The case study sniff test

We have previously carried out sniff tests ahead of industry events to get a sense of what visitors might expect from exhibition stands and what learning suppliers are saying about themselves.

With World of Learning starting on Monday 9 October we thought we would do a test of case studies on exhibitor websites. We chose 25 exhibitors at random (there are around 130 at the event) and spent a few minutes per website looking at case studies.

Why case studies? Because, according to the 2022 Content Preferences Survey Report, B2B buyers say case studies are the second most important type of content when researching a purchase (behind research reports).

For this test, we look at the case studies from the buyer perspective. The brands we looked at will remain anonymous as our intention here is to share some useful insights.

Of the 25 exhibitors we looked at, the number of case studies stood at:

  • No case studies – 11
  • 1-5 case studies – 5
  • 6-10 case studies – 4
  • 10+ case studies – 5

Some vendors provide testimonial quotes or Trustpilot-type reviews. We have not counted these as they do not provide information on the client, the client’s challenge, the solution and the outcome.

Here are our observations:

Why aren’t learning vendors doing case studies?

It was surprising to see so many of the sample size not doing full-blown case studies. They are such an important part of the buying research process.

The focus is on the learning experience and learning outcome measures

Most case studies looked at the outcomes generated from using the product/service. Some provided data that gave a more in-depth view but most of the case studies covered the same ground ie how the product is used, what it is like working with the supplier etc, engagement and content consumption data.

Customer quotes are not ubiquitous

Some of the case studies told the story of the customer but did not include a customer quote. Many did include quotes and are far more powerful for it – you get to hear what the customer thinks in their words.

The vendor voice can dominate

That said, some vendor sites feel like it’s all about them, not their customers. There is an opportunity to bring in more of the customer voice.

Frequency and timeliness fluctuate

Some vendors publish case studies regularly and have real momentum around this, while others have ones that are more dated with bigger gaps between publication.

The case studies are free to view and download

All the case studies we looked at were free to view and download which made them easy to access and consume. This felt like a good user experience.


Areas for improvement

Take impact measure to the next level – business impact

Case studies reviewed in this sniff test show learning impact – for example, activity on a platform, completions, feedback on a course or trainer and scale of delivery. This is the type of information most learning providers are gathering and it is useful to the buyer. But most buyers are sharing similar information. There is an opportunity to make these case studies a lot more powerful by looking at the business impact of the initiative/product/service.

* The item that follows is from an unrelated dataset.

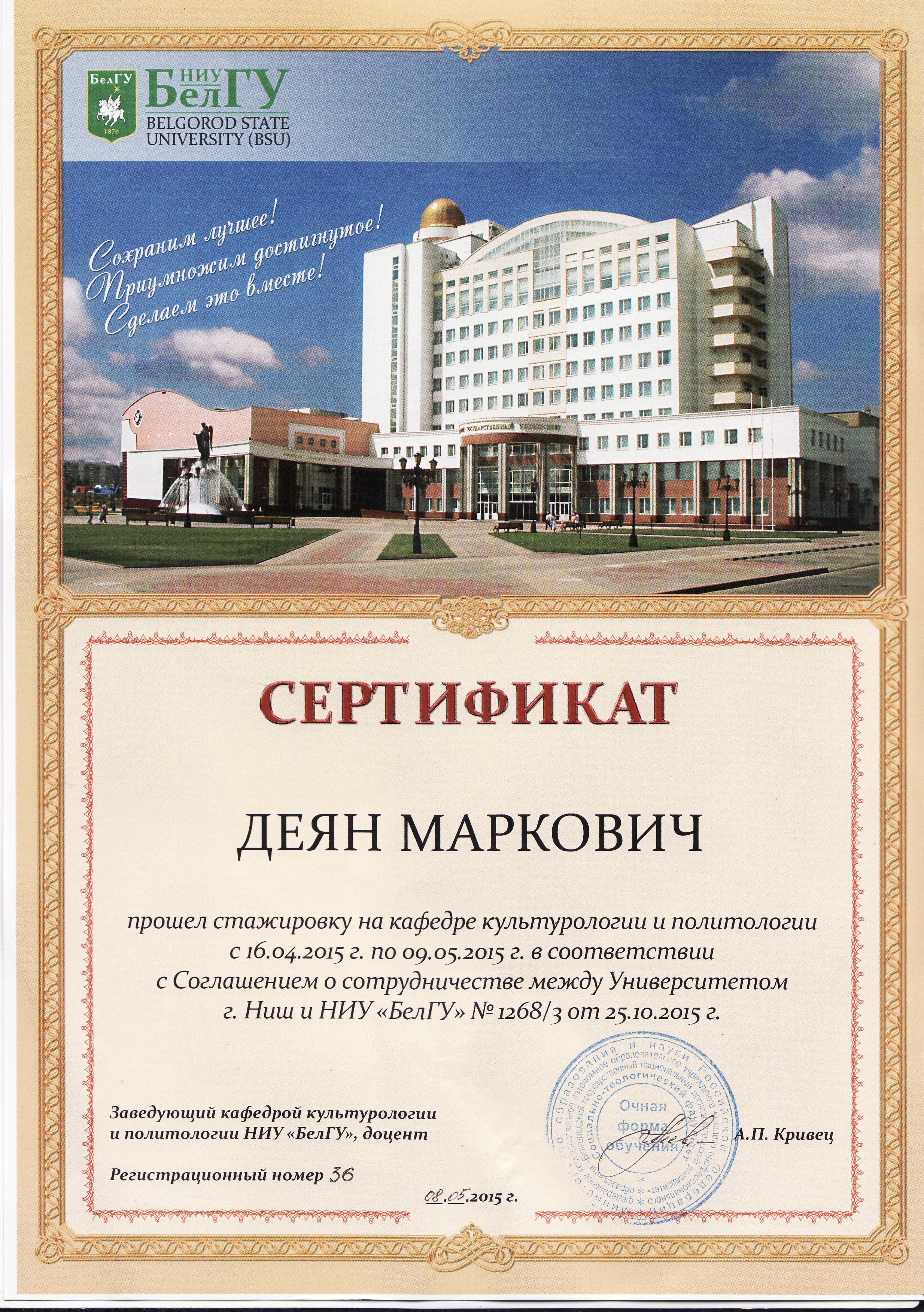 Предавања по позиву држао је у Руској Федерацији, у Кемерову (Кемеровски државни Универзитет) и у Белгороду (Белгородски државни Универзитет, БелГу).

Use more of the customer voice

Your customer is usually the best person to tell your impact/value story. So ask them more questions about this and make sure you feature them prominently in your case studies and other promotional activities. And listen to how they describe your product, how it works and how they would describe it to others. These insights can help shape your tone of voice and align your messaging with the way your customers talk about you.

Revisit and update case studies

Case studies should not be a story from a moment in time. Impact from learning activities happens over time so schedule in an update interview to see what other impact has come from your work with your customer. And make sure case studies do not go too out of date.

Bring in the employee voice

The sniff test revealed that, aside from delegate testimonial quotes, none of the case studies featured feedback from learners – the customer’s customer  –  on how the product/service had positively impacted on their work. This is a missing element in most case studies. Getting these insights from learners is a big win for the supplier but also for the customer as the feedback can be used internally to demonstrate impact and to promote the learning initiative.

Make case studies more prominent in your comms

A great customer quote can really sell your product/service in a way that you cannot. If you capture great quotes that show how you generate value and impact for customers then make sure you use them and reuse them in your communications.

Build campaigns around your case studies

Case studies are interesting and useful stories and provide you with data so make the most of them. That means working with those customers to support events or helping them to boost their profile as speakers at other events. And this can mean PR opportunities too. Make sure you integrate these stories into your marketing and comms plans.

Segment your case studies to generate more value

The case studies we looked at were not promoted as industry/sector specific stories, and yet that is exactly what they are. By aligning them with sectors you can start to build comms around them that are specific to those sectors. This can be an important area of differentiation for buyers.

What’s better – you saying what you do is great or your customers saying what you do is great? This might be an over-simplistic view of why case studies matter but your customers do have an important part to play in providing you with feedback and advocating for your products.